- _GIVEN DATA_:
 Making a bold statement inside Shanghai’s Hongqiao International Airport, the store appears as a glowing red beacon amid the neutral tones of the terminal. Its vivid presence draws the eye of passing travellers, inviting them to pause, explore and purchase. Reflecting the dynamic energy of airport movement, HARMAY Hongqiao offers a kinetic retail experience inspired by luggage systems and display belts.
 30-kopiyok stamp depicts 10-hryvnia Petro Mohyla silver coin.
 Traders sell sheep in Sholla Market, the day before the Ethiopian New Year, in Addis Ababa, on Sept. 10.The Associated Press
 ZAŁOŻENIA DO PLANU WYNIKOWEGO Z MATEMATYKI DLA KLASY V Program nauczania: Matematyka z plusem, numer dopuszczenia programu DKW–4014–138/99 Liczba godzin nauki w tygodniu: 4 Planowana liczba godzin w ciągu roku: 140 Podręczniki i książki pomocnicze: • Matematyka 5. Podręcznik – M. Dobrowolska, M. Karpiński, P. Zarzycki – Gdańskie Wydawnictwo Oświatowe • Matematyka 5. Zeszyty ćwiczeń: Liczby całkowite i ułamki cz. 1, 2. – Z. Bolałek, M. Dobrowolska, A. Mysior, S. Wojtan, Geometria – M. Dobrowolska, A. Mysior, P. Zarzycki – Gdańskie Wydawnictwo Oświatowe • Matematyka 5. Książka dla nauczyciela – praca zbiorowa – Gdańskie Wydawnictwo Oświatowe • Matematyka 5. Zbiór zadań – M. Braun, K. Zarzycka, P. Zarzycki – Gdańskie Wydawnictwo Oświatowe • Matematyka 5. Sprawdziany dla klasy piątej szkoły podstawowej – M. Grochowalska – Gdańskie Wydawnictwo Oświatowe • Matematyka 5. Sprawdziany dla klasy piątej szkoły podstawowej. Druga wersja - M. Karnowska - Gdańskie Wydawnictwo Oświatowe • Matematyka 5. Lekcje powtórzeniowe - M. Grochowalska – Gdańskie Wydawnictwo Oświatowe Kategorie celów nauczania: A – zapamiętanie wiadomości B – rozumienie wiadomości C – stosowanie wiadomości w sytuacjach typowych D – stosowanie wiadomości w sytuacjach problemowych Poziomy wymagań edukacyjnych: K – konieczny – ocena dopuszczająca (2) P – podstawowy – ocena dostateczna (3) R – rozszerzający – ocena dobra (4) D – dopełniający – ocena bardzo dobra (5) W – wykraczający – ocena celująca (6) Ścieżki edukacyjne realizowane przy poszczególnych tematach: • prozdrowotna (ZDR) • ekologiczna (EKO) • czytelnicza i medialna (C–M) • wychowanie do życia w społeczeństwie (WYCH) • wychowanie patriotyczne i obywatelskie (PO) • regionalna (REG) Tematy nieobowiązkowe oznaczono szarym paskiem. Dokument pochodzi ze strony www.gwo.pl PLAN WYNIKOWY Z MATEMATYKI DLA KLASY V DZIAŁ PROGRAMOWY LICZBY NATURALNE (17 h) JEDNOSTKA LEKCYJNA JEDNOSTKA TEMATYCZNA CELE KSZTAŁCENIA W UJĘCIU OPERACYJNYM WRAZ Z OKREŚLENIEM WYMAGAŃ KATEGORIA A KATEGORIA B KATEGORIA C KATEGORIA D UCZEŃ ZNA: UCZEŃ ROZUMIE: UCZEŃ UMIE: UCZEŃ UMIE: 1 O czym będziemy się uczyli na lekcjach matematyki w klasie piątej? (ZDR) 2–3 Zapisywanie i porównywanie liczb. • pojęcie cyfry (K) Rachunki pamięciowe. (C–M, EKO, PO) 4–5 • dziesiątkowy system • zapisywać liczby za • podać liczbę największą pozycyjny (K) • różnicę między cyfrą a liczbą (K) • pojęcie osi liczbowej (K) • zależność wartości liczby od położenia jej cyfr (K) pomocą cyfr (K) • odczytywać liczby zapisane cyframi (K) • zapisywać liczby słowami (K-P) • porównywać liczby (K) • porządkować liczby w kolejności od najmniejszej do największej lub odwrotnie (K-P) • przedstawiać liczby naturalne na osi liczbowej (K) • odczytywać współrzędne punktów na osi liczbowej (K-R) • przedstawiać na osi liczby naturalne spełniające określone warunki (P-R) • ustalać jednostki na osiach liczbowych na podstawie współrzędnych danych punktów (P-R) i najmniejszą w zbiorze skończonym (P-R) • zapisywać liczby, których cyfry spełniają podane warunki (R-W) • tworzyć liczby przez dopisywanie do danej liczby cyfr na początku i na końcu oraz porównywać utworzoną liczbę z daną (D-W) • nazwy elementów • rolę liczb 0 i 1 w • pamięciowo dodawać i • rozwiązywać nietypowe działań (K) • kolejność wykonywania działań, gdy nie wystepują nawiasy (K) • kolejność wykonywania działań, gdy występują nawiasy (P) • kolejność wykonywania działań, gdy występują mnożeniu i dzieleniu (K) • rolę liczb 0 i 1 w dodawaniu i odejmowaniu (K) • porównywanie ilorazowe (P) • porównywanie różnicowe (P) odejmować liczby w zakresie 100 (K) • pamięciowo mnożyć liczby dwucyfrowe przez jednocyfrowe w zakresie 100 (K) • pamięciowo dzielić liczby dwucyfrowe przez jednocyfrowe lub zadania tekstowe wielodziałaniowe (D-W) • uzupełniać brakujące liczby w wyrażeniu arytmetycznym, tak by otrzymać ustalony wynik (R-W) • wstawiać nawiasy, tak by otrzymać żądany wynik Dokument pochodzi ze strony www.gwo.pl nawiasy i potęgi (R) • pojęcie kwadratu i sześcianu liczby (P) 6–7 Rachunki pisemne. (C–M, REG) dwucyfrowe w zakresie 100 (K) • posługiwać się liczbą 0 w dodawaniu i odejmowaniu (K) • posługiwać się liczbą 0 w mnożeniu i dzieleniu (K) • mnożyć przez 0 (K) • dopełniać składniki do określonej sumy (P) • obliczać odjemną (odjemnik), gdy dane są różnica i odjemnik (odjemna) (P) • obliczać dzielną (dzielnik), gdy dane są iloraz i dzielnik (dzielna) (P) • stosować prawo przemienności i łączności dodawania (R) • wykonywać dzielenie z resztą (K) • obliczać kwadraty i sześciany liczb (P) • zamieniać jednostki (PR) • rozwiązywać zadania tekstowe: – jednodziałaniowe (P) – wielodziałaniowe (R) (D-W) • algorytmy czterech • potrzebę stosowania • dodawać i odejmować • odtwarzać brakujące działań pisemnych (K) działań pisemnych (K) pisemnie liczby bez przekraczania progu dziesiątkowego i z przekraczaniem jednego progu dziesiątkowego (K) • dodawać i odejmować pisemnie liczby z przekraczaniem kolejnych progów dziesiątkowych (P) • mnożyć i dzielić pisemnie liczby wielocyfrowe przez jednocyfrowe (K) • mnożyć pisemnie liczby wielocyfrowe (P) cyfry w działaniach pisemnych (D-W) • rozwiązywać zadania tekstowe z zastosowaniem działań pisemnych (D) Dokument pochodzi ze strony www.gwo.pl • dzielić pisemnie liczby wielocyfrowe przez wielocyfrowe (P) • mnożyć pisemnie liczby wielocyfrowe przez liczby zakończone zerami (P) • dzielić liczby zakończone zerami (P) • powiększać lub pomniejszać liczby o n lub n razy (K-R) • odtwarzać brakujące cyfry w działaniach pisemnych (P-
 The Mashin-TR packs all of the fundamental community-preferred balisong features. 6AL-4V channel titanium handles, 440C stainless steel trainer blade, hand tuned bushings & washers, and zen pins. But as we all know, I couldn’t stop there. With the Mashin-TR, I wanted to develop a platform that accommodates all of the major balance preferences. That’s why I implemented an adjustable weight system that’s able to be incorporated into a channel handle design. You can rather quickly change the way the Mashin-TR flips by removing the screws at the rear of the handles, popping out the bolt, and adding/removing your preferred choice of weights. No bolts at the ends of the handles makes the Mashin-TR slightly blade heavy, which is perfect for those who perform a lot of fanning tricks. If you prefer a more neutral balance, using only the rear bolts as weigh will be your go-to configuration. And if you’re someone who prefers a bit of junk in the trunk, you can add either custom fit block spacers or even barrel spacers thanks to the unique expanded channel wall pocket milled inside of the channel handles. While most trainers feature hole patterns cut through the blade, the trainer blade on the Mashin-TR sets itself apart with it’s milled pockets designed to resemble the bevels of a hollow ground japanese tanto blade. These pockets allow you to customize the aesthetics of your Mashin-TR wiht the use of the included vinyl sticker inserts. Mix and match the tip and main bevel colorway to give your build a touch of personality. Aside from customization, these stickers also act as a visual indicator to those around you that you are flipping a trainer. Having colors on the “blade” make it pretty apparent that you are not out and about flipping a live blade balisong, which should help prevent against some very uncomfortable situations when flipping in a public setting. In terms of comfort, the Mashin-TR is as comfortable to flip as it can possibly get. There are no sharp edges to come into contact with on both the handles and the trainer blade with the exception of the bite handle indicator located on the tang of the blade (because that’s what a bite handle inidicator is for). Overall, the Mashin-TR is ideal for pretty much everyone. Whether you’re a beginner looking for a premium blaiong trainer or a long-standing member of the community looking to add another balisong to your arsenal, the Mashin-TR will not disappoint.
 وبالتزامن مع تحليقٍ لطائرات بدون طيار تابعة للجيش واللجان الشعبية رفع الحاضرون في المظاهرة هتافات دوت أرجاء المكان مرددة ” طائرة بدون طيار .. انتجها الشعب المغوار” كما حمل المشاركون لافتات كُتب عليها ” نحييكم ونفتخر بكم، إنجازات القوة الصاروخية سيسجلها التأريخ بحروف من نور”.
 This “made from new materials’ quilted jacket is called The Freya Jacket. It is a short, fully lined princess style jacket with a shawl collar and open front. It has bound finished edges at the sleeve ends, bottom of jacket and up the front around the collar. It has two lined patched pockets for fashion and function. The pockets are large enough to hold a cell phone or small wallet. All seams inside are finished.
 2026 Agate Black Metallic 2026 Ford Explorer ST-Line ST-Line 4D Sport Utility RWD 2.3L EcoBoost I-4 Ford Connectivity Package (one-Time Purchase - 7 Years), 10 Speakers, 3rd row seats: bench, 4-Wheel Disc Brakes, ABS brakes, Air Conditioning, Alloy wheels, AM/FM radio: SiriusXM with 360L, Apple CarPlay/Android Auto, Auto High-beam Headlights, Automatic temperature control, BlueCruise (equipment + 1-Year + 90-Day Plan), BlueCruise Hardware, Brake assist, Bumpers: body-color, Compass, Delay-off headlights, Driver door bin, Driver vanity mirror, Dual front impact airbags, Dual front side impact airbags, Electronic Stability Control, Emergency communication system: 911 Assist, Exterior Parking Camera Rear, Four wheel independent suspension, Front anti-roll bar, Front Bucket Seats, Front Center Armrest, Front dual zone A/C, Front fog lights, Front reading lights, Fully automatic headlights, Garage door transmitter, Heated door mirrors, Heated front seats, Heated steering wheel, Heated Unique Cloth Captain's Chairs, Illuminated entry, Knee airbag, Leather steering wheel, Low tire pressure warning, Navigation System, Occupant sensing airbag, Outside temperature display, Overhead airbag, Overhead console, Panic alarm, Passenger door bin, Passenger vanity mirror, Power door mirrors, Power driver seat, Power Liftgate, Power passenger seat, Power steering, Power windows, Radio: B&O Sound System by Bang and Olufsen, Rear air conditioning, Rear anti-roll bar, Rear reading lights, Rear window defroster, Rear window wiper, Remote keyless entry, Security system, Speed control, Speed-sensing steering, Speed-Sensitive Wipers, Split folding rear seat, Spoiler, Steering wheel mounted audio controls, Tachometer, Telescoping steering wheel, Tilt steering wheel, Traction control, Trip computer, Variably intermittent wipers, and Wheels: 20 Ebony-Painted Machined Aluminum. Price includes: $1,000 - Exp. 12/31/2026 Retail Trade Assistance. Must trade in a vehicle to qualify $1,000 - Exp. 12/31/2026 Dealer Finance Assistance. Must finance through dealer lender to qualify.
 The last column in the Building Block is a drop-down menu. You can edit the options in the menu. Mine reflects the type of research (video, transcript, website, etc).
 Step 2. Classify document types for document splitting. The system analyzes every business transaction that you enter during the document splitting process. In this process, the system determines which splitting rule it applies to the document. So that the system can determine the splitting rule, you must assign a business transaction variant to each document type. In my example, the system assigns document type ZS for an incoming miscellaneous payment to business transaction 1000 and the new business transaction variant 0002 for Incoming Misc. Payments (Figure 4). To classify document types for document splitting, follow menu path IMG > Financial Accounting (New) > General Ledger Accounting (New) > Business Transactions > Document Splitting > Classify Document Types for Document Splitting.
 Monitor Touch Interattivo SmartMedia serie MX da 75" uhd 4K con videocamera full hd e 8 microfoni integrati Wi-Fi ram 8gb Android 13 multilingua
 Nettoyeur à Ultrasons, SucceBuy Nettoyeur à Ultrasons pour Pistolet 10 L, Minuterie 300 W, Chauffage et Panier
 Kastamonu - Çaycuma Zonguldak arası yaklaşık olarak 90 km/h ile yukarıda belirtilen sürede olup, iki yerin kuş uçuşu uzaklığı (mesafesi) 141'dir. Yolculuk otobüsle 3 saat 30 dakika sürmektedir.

- _EXERCISE INSTRUCTIONS_: Please write out the material word for word from its first line through the line holding "Traders sell sheep", including both, and no line past it.

- _RESPONSE AREA_:
 Making a bold statement inside Shanghai’s Hongqiao International Airport, the store appears as a glowing red beacon amid the neutral tones of the terminal. Its vivid presence draws the eye of passing travellers, inviting them to pause, explore and purchase. Reflecting the dynamic energy of airport movement, HARMAY Hongqiao offers a kinetic retail experience inspired by luggage systems and display belts.
 30-kopiyok stamp depicts 10-hryvnia Petro Mohyla silver coin.
 Traders sell sheep in Sholla Market, the day before the Ethiopian New Year, in Addis Ababa, on Sept. 10.The Associated Press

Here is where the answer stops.